The maternally-inherited mitochondrial DNA (mtDNA) represents only a small fraction of the human genome, but mtDNA profiles are important in forensic science, for example when a biological evidence sample is degraded or when maternal relatedness is questioned. For forensic mtDNA analysis, it is important to know how many individuals share an mtDNA profile. We present a simulation model of mtDNA profile evolution, implemented in open-source software, and use it to describe the distribution of the number of individuals with matching mitogenomes, and their matrilineal relatedness. The latter is measured as the number of mother-child pairs in the lineage linking two matching individuals. We also describe how these distributions change when conditioning on a count of the profile in a frequency database.

Introduction

Human mitochondrial DNA (mtDNA) has long been a useful tool to identify war casualties and victims of mass disasters, the sources of biological samples derived from crime scenes or to confirm matrilineal relatedness [13]. The autosomal genome is much larger and has higher discriminatory power, but the mitochondrial genome (mitogenome) has multiple copies per cell, allowing better recovery of sequence information from degraded samples [1, 3], including ancient DNA [4, 5]. Some biological samples such as fingernails, old bones, teeth and hair have mtDNA but little or heavily degraded autosomal DNA. In addition, because of the lack of recombination, mtDNA can be used to confirm relatedness over many more generations than is possible using autosomal DNA, though only in the female line.

It has now become widely feasible to sequence all 16,568 mitogenome sites as part of a forensic investigation [68]. For autosomal short tandem repeat (STR) profiles, there are two alleles per locus and because of the effects of recombination, the alleles at distinct loci are treated as independent, after any adjustments for sample size, coancestry and direct relatedness [9]. In contrast, the maternally-inherited mitogenome is non-recombining, behaving like a single locus at which many alleles, or haplotypes, can arise. Due to relatedness and limited population size, the variation in mitogenomes in any extant population is greatly restricted compared with what is potentially available given the genome length. Whereas a match of two mitogenomes without recent shared ancestry is in effect impossible, there can be large sets of individuals sharing the same mitogenome due to matrilineal relatedness that is distant compared with known relatives but much closer than is typical for pairs of individuals in the population.
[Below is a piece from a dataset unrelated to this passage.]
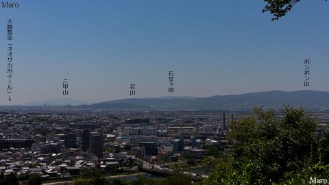 西山や北摂の山の向こうには、兵庫六甲の山々まで見通せます。

This limited variation has important implications for the use of mtDNA to help identify individuals or establish relatedness. A match between the mtDNA obtained from bones found under a Leicester UK carpark and a living matrilineal relative of the former King of England, Richard III, played an important role in establishing the bones as those of the king. However, in contrast with popular reports of genetic evidence “proving” the identification, the mtDNA evidence was not decisive, contributing a likelihood ratio (LR) of 478 towards an overall LR of 6.7 million in favour of the identification [10]. Although that mitogenome was at the time unobserved in the available databases, its observation in both the skeleton and a contemporary individual meant that it was expected to exist in hundreds and perhaps thousands of others. The public interest in the story led to multiple matches being subsequently observed in contemporary individuals, raising the question of how many humans alive today share this “royal” mitogenome?
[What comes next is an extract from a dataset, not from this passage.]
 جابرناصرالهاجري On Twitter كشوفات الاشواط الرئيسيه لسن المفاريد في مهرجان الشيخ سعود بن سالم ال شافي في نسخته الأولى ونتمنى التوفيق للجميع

We recently addressed similar questions for paternally-inherited Y chromosome profiles [11]. Forensic Y profiles focus on a few tens of STR loci, but these can have a combined mutation rate as high as 1 per 7 generations [11, 12], much higher than the mutation rate for the entire mitogenome, for which estimates range up to around 1 per 70 generations (see Methods). We showed that the high mutation rate of Y profiles has dramatic consequences for evaluating weight of evidence. For example, males with matching Y profiles are related through a lineage of up to a few tens of meioses. Further, the number of males with a matching Y profile varies only weakly with population size, and since the population size relevant to a forensic identification problem is typically unknown, it follows that the concept of a match probability that can be useful for autosomal DNA profiles is of little value for Y profiles.
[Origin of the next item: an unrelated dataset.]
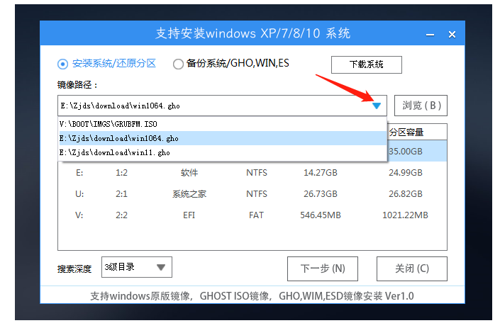 3、然后點擊一鍵重裝系統,點擊瀏覽,選擇U盤中想要安裝的系統。

Because of the lower mutation rate for the mitogenome, the situation is less extreme for mtDNA profiles than for Y profiles. Here we describe the distribution of the number of individuals with the same mitogenome as a randomly-chosen individual under three demographic scenarios and two mitogenome mutation models, finding that the number is typically of the order of hundreds rather than the tens that share a Y profile. The number of mitogenome matches is consequently more sensitive to demographic factors than is the case for Y profiles, but it remains a small fraction of the population relevant to a typical crime scenario. As we did previously for Y profiles, we also describe the conditional distributions given database frequencies for the observed mitogenome, assuming that the database is randomly sampled in the population. We show for example that a mitogenome that is unobserved in a large database can nevertheless exist in hundreds of individuals in the population. We also show that individuals sharing a mitogenome are related, typically within up to a few hundred meioses, which is much more distant than recognised relationships but still much closer than the relatedness of random pairs of individuals in a large population. Therefore the matching individuals may not be well-mixed in the population so that database statistics can be an unreliable guide to the number of matching individuals in the population.

Results

See Methods for details of our two mutation models, based on [13] and [14], and three demographic scenarios which we denote 1.2M growth, 1.2M constant and 300K constant (suffix M for 106, i.e. millions, and suffix K for 103, i.e. thousands).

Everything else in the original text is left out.